▶ **WHAT THIS TASK INVOLVES**
When you transcribe the listing, keep each line exact and drop the pictures.

▶ **RAW DATA**
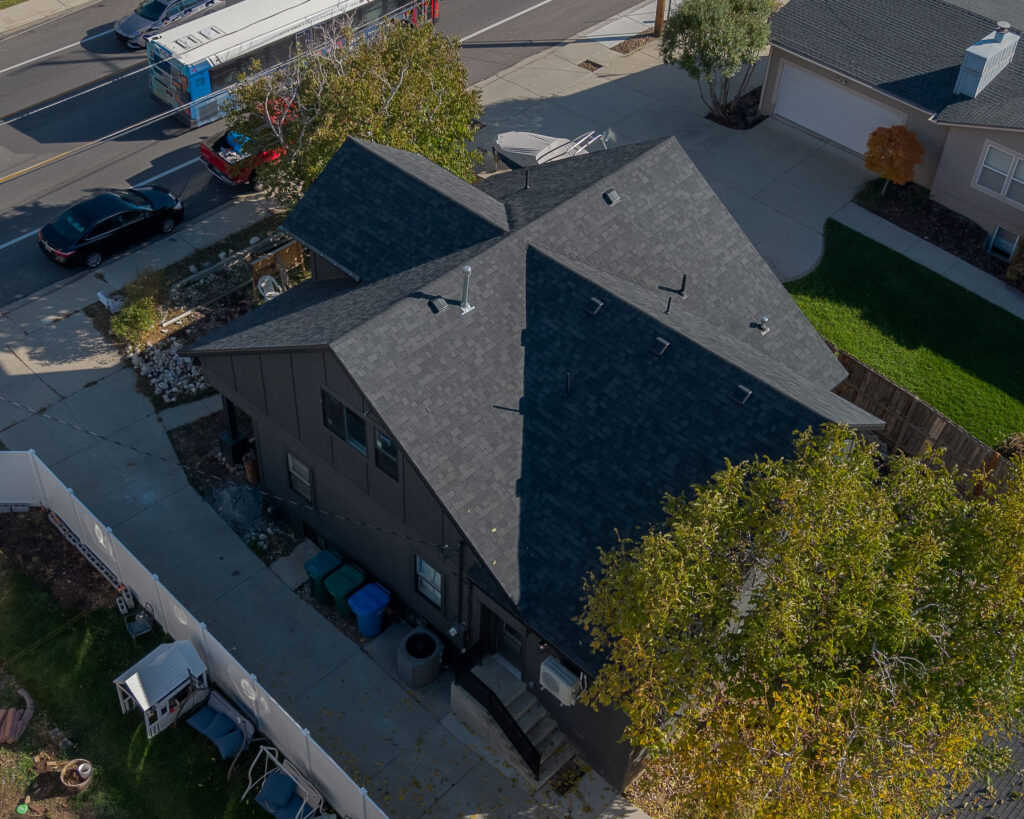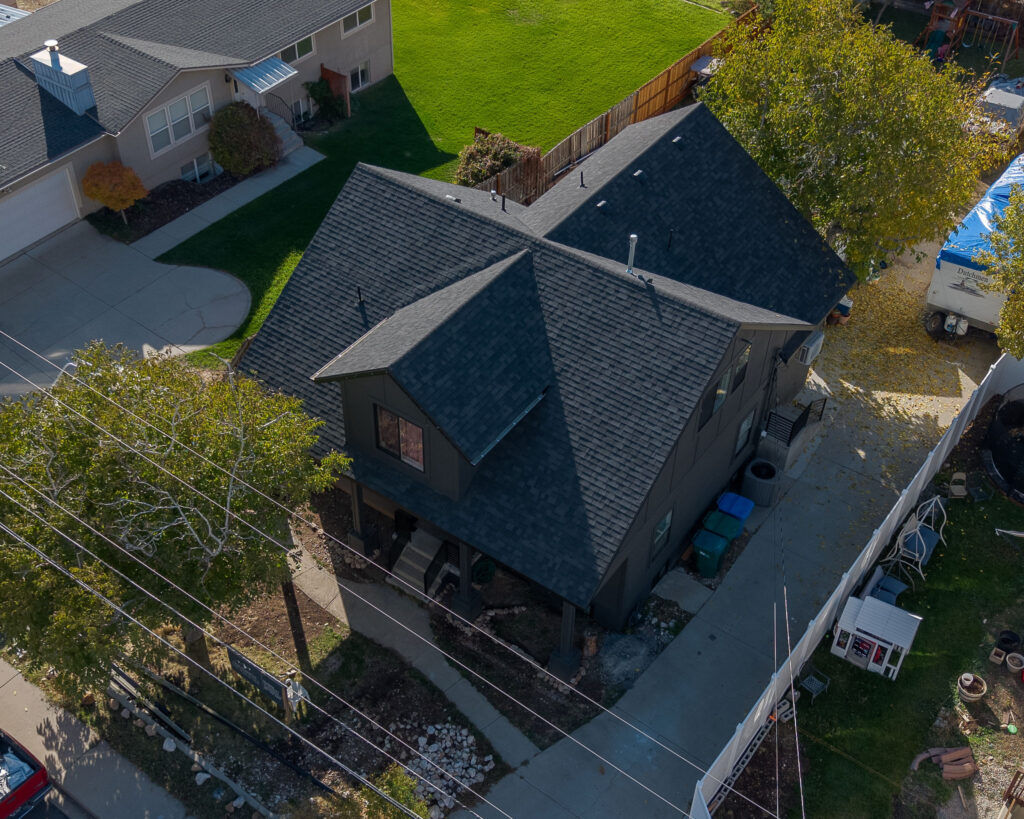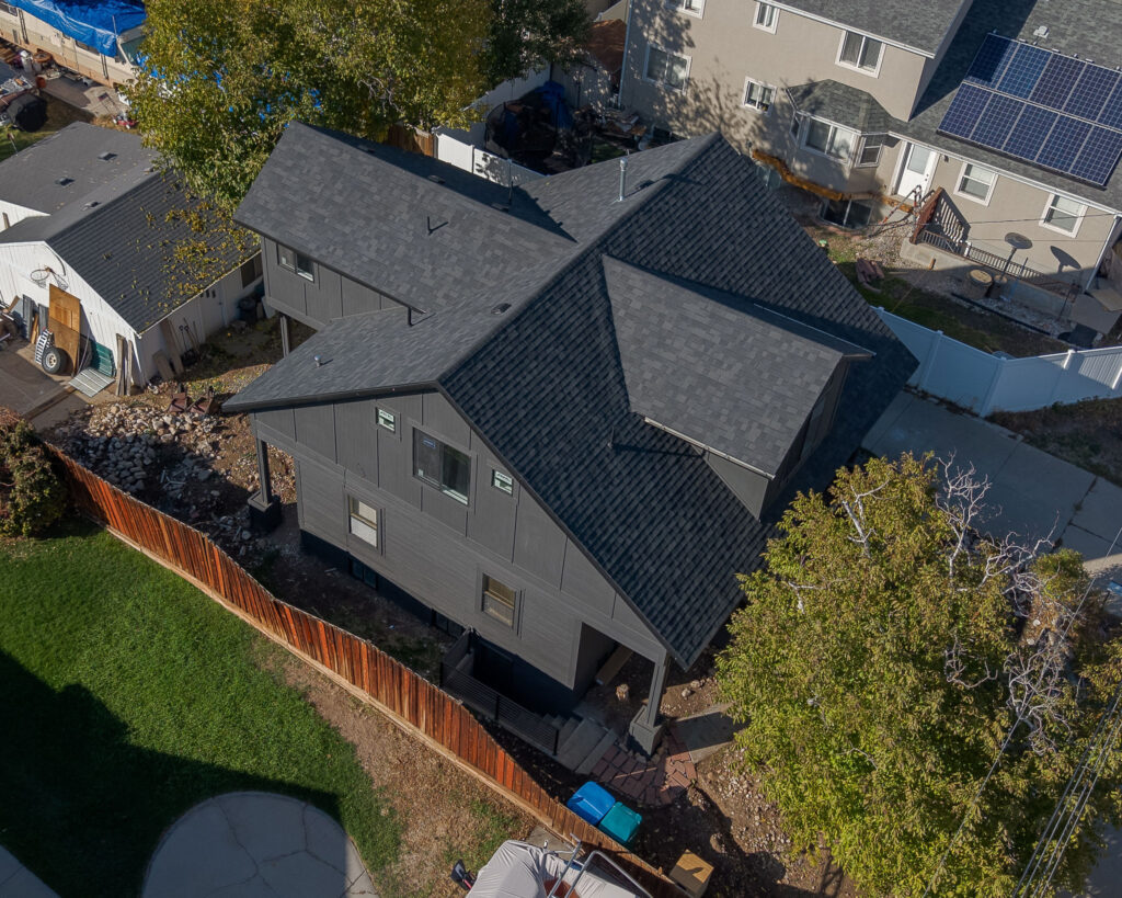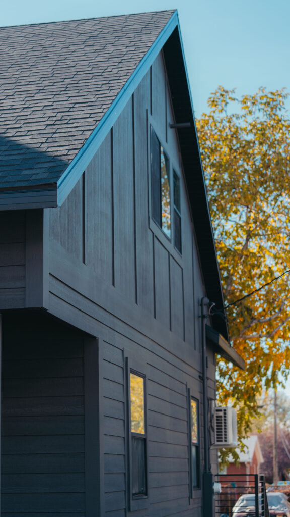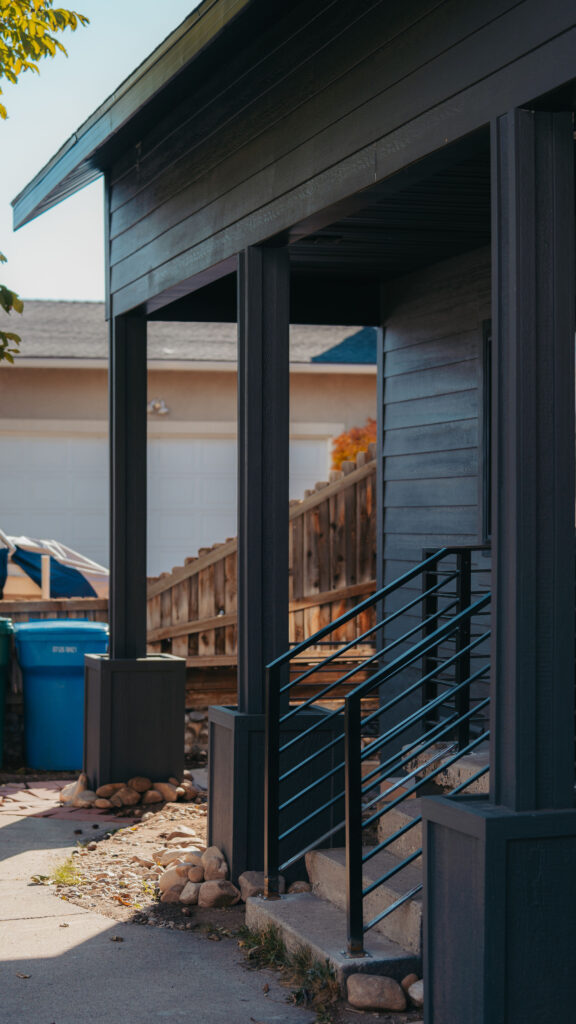 The Orem Project showcases a modern residential transformation that blends clean architectural lines with durable, high quality materials. The home features a striking dark exterior finish paired with custom metal railings and carefully detailed trim that enhances both the structure’s contemporary style and long term durability. Thoughtful design elements such as the covered entry, geometric siding patterns, and expansive windows create a balanced look that feels both modern and welcoming. Set against the beautiful Utah landscape, the project highlights how intentional craftsmanship and refined exterior design can elevate a home’s curb appeal while maintaining functionality and structural integrity.
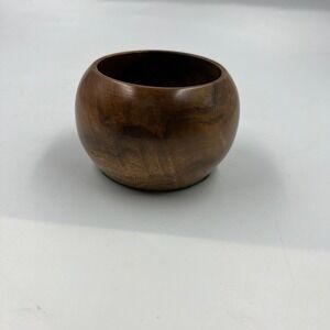 Vintage Handmade Calabsah Bowl Salt Dish Serving Wooden 5 Inch MCM Oil Rubbed
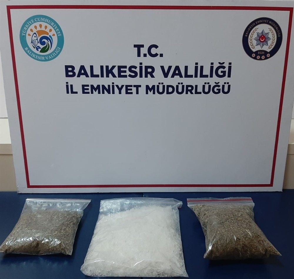 Balıkesir İl Emniyet Müdürlüğünce İl genelinde uyuşturucu madde ticareti ve kullanımını önlemeye yönelik olarak Balıkesir il merkezi, Bandırma, Ayvalık, Edremit, Burhaniye ve Gönen ilçelerinde yapılan 13 ayrı çalışmada 20 şüpheli şahıs yakalandı. Olaylarla ilgili yapılan aramalarda; 184,25 gram metamfetamin maddesi, 6,55 gram esrar, 1 adet sentetik ecza hap, 2 adet tabanca ve tabancalara ait 15 adet fişek, 1 adet ruhsatsız av tüfeği ve bu tüfeğe ait 62 adet kartuş, 4 adet uyuşturucu madde içiminde kullanılan ve payp olarak tabir edilen cam aparat ele geçirildi.

▶ **WRITTEN ANSWER**
 The Orem Project showcases a modern residential transformation that blends clean architectural lines with durable, high quality materials. The home features a striking dark exterior finish paired with custom metal railings and carefully detailed trim that enhances both the structure’s contemporary style and long term durability. Thoughtful design elements such as the covered entry, geometric siding patterns, and expansive windows create a balanced look that feels both modern and welcoming. Set against the beautiful Utah landscape, the project highlights how intentional craftsmanship and refined exterior design can elevate a home’s curb appeal while maintaining functionality and structural integrity.
 Vintage Handmade Calabsah Bowl Salt Dish Serving Wooden 5 Inch MCM Oil Rubbed
 Balıkesir İl Emniyet Müdürlüğünce İl genelinde uyuşturucu madde ticareti ve kullanımını önlemeye yönelik olarak Balıkesir il merkezi, Bandırma, Ayvalık, Edremit, Burhaniye ve Gönen ilçelerinde yapılan 13 ayrı çalışmada 20 şüpheli şahıs yakalandı. Olaylarla ilgili yapılan aramalarda; 184,25 gram metamfetamin maddesi, 6,55 gram esrar, 1 adet sentetik ecza hap, 2 adet tabanca ve tabancalara ait 15 adet fişek, 1 adet ruhsatsız av tüfeği ve bu tüfeğe ait 62 adet kartuş, 4 adet uyuşturucu madde içiminde kullanılan ve payp olarak tabir edilen cam aparat ele geçirildi.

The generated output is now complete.